*Data for analysis*:
━━━━━━━━━━━━━━━━━━━━

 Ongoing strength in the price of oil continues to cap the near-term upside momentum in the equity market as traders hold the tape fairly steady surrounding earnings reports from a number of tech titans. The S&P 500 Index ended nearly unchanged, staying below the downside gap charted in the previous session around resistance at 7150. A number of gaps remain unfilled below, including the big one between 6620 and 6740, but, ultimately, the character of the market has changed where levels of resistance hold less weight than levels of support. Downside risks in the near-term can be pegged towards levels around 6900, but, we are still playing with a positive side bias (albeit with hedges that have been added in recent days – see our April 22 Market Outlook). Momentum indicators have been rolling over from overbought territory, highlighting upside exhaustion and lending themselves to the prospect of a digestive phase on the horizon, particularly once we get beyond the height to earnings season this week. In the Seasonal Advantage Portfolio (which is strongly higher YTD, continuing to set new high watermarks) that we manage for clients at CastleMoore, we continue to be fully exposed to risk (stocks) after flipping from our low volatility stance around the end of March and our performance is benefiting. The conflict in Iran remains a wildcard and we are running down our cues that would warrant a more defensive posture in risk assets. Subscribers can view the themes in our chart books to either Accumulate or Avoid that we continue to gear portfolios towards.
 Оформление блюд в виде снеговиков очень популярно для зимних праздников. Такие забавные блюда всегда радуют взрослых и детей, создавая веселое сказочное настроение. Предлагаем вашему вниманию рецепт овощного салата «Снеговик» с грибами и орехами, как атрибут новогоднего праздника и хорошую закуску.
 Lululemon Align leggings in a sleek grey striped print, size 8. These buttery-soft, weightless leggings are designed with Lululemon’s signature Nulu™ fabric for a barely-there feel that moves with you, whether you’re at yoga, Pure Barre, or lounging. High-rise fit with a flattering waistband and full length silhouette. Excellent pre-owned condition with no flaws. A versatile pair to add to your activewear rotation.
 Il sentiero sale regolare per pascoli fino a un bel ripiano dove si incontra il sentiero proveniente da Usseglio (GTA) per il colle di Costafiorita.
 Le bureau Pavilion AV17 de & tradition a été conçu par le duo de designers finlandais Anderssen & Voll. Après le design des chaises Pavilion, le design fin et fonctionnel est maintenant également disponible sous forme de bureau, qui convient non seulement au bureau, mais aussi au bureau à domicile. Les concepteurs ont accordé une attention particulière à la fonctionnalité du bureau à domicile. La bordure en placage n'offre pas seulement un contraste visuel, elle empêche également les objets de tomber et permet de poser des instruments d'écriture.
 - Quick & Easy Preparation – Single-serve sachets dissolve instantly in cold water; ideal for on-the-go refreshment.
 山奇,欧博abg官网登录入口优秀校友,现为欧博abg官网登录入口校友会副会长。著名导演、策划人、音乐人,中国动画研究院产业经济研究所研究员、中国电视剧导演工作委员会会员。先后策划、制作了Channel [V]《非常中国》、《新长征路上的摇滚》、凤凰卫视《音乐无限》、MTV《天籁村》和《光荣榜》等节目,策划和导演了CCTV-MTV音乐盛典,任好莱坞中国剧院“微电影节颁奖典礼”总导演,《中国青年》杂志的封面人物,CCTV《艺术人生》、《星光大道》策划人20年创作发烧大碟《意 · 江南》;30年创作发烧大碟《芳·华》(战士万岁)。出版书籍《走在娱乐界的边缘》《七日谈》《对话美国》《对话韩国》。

━━━━━━━━━━━━━━━━━━━━

*Instructions for the task*:
Your answer must be the full listing, copied exactly.

*Reply*:
 Ongoing strength in the price of oil continues to cap the near-term upside momentum in the equity market as traders hold the tape fairly steady surrounding earnings reports from a number of tech titans. The S&P 500 Index ended nearly unchanged, staying below the downside gap charted in the previous session around resistance at 7150. A number of gaps remain unfilled below, including the big one between 6620 and 6740, but, ultimately, the character of the market has changed where levels of resistance hold less weight than levels of support. Downside risks in the near-term can be pegged towards levels around 6900, but, we are still playing with a positive side bias (albeit with hedges that have been added in recent days – see our April 22 Market Outlook). Momentum indicators have been rolling over from overbought territory, highlighting upside exhaustion and lending themselves to the prospect of a digestive phase on the horizon, particularly once we get beyond the height to earnings season this week. In the Seasonal Advantage Portfolio (which is strongly higher YTD, continuing to set new high watermarks) that we manage for clients at CastleMoore, we continue to be fully exposed to risk (stocks) after flipping from our low volatility stance around the end of March and our performance is benefiting. The conflict in Iran remains a wildcard and we are running down our cues that would warrant a more defensive posture in risk assets. Subscribers can view the themes in our chart books to either Accumulate or Avoid that we continue to gear portfolios towards.
 Оформление блюд в виде снеговиков очень популярно для зимних праздников. Такие забавные блюда всегда радуют взрослых и детей, создавая веселое сказочное настроение. Предлагаем вашему вниманию рецепт овощного салата «Снеговик» с грибами и орехами, как атрибут новогоднего праздника и хорошую закуску.
 Lululemon Align leggings in a sleek grey striped print, size 8. These buttery-soft, weightless leggings are designed with Lululemon’s signature Nulu™ fabric for a barely-there feel that moves with you, whether you’re at yoga, Pure Barre, or lounging. High-rise fit with a flattering waistband and full length silhouette. Excellent pre-owned condition with no flaws. A versatile pair to add to your activewear rotation.
 Il sentiero sale regolare per pascoli fino a un bel ripiano dove si incontra il sentiero proveniente da Usseglio (GTA) per il colle di Costafiorita.
 Le bureau Pavilion AV17 de & tradition a été conçu par le duo de designers finlandais Anderssen & Voll. Après le design des chaises Pavilion, le design fin et fonctionnel est maintenant également disponible sous forme de bureau, qui convient non seulement au bureau, mais aussi au bureau à domicile. Les concepteurs ont accordé une attention particulière à la fonctionnalité du bureau à domicile. La bordure en placage n'offre pas seulement un contraste visuel, elle empêche également les objets de tomber et permet de poser des instruments d'écriture.
 - Quick & Easy Preparation – Single-serve sachets dissolve instantly in cold water; ideal for on-the-go refreshment.
 山奇,欧博abg官网登录入口优秀校友,现为欧博abg官网登录入口校友会副会长。著名导演、策划人、音乐人,中国动画研究院产业经济研究所研究员、中国电视剧导演工作委员会会员。先后策划、制作了Channel [V]《非常中国》、《新长征路上的摇滚》、凤凰卫视《音乐无限》、MTV《天籁村》和《光荣榜》等节目,策划和导演了CCTV-MTV音乐盛典,任好莱坞中国剧院“微电影节颁奖典礼”总导演,《中国青年》杂志的封面人物,CCTV《艺术人生》、《星光大道》策划人20年创作发烧大碟《意 · 江南》;30年创作发烧大碟《芳·华》(战士万岁)。出版书籍《走在娱乐界的边缘》《七日谈》《对话美国》《对话韩国》。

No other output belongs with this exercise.